R. J. Straker1, C. E. Sharon1, S. Grinberg1, A. B. Shannon1, D. L. Fraker1, S. Shanmugan1, J. T. Miura1, G. C. Karakousis1 1Hospital Of The University Of Pennsylvania, Department Of Surgery, Philadelphia, PA, USA
Introduction: Full oncologic resection via right hemicolectomy (RHC) to obtain appropriate lymph node staging is currently recommended for patients with non-mucinous adenocarcinoma of the appendix (NMACA). However, it is unclear whether a group of patients exist with early NMACA who may be at low risk of developing LN metastases, and thus might be amenable to a less extensive resection without compromising outcomes.
Methods: The National Cancer Database was used to perform a retrospective analysis (2004-2016) of patients with NMACA without distant metastases who underwent margin negative surgical resection via either an RHC or appendectomy/partial colectomy (A/PC) and had at least 1 lymph node evaluated. Patients with lymph node metastases were compared to those without lymph node metastases to identify factors prognostic for nodal spread. Multivariable survival analysis was performed using Cox proportional hazards analysis. Five-year overall survival (OS) outcomes were compared between patients who underwent RHC versus A/PC using the Kaplan-Meier method and log-rank test.
Results: Of the 2,866 patients evaluated, 842 (29.4%) had nodal metastases. T4 T-stage (odds ratio [OR] 3.4, p=0.012), poorly/undifferentiated histology (OR 1.9, p=0.045), and lymphovascular invasion ([LVI], OR 4.3, p<0.001) were significantly associated with nodal metastasis. Forty-nine patients had tumors at low-risk for lymph node positivity (T1 T-stage tumors with well-differentiated histology and without LVI), and among this low-risk group, the rate of lymph node positivity was 2.0% (95% confidence interval [CI] 0.36%-10.69%). Conversely, among the 2,817 non-low-risk patients, the rate of lymph node positivity was 29.9% (95% CI 28.19%-31.57%). Twelve (24.5%) and 619 (22.0%) patients with low risk and non-low-risk tumors, respectively, underwent A/PC. No significant difference was observed between RHC and A/PC patients in regard to likelihood of treatment with adjuvant systemic therapy (OR 0.97, p=0.811).

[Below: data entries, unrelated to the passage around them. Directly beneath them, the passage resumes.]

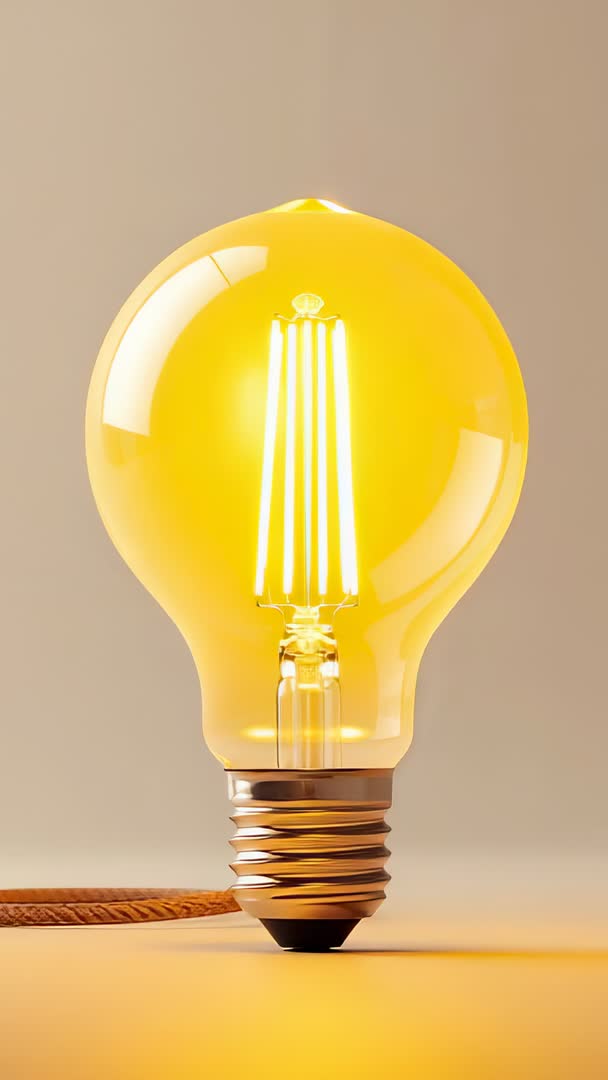 AI Generated Image. Showing close-up of glowing vintage LED filament bulb with braided cloth cord in studio. Presenting warm amber light and minimalist composition suitable for vertical 9:16 mobile screens. Working as hero clip for social media ads, Instagram Reels, TikTok, app intros, and product promotions. Supporting themes including energy efficient lighting, retro design, cozy interior, industrial decor, and creative idea concept. Allowing space for overlay text and logo on neutral background. Looping friendly for background motion or cinematic intro. Helping designers, marketers, bloggers, and lighting brands create warm emotional tone, highlight product features, or illustrate energy and innovation topics.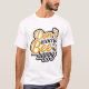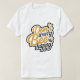 Esta camiseta branca apresenta as palavras "Não se Preocupe" empilhadas acima de "Bee Happy" numa fonte lúdica, ligeiramente angustiada, com um enchimento cor de laranja quente e um contorno preto. Uma pequena e fofa abelha de desenho animado com listras amarelas e pretas e asas translúcidas é incorporada ao design, acrescentando um toque de choradeira à mensagem positiva.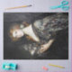 Papel de tejidos creativo y único en descodificación que utiliza una gama de texturas, patrones y ilustraciones vintage en paletas de colores vibrantes, silenciadas. Perfecto para desconexión, reserva de chatarra y otras artesanías de papel. Muestra a una elegante ventilado de cabello rojo con un barco de plata en las manos.
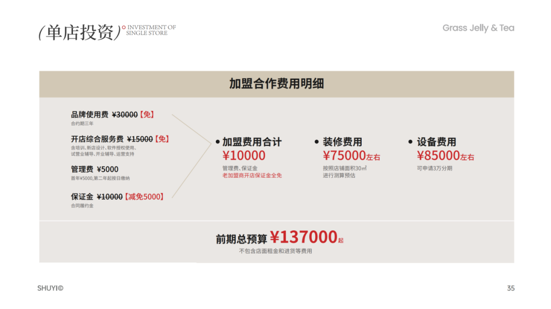 2024年開年,書亦宣布「開店費用全免」活動,3萬元的品牌使用費、開店綜合服務(wù)費1.5萬、保證金減免5000。合計加盟費用1萬元,加上裝修費用7.5萬、設(shè)備費用8萬5,總預(yù)算為13萬。

On multivariable survival analysis of the entire cohort incorporating patient, tumor and treatment factors, performance of A/PC as compared to RHC was associated with a survival disadvantage (hazard ratio 1.47, p=0.047) However, among patients with low-risk disease, 5-year OS did not significantly differ based on the type of surgical resection performed (83.3% A/PC vs. 88.9% RHC, log-rank p=0.726) (Figure 1).
Conclusions: Early NMACA with favorable features (T1 T-stage, well-differentiated tumors without LVI) appears to be associated with a very low risk of lymph node positive disease. These patients may be spared the morbidity of more extensive surgery without compromising outcomes.